■ **Brief**:
Go to the line containing "And I am in" in the records below and print it and every following line exactly, on through the line containing "Happy Rainbow Seau", then stop.

■ **Data extracts**:
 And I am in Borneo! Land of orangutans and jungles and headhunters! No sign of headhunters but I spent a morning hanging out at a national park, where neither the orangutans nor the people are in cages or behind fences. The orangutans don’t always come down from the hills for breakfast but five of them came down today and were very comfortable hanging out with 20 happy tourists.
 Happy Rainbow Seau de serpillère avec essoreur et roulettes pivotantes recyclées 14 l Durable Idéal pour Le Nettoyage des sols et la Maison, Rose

---

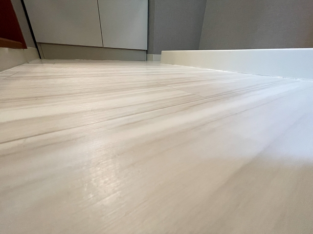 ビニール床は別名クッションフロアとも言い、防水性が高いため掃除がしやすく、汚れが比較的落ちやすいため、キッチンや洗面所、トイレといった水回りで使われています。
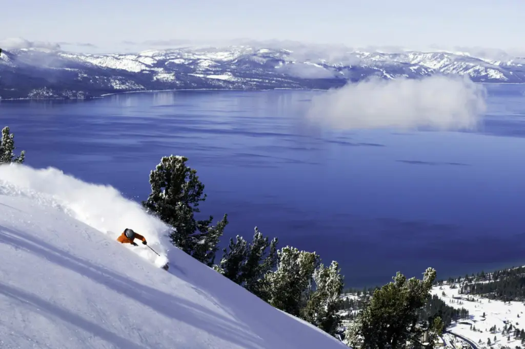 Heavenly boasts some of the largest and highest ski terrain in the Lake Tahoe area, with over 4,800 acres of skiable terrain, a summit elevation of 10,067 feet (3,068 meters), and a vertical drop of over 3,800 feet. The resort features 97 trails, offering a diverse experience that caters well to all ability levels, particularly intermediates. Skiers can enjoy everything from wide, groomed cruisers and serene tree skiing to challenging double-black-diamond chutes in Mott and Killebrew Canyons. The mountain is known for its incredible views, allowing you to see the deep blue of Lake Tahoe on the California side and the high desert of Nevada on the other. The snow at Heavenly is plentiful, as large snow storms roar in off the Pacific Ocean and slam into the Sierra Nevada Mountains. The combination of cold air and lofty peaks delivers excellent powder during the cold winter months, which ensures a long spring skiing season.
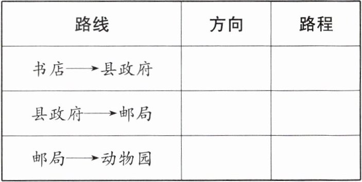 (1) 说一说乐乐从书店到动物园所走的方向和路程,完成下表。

■ **Output of the exercise**:
 And I am in Borneo! Land of orangutans and jungles and headhunters! No sign of headhunters but I spent a morning hanging out at a national park, where neither the orangutans nor the people are in cages or behind fences. The orangutans don’t always come down from the hills for breakfast but five of them came down today and were very comfortable hanging out with 20 happy tourists.
 Happy Rainbow Seau de serpillère avec essoreur et roulettes pivotantes recyclées 14 l Durable Idéal pour Le Nettoyage des sols et la Maison, Rose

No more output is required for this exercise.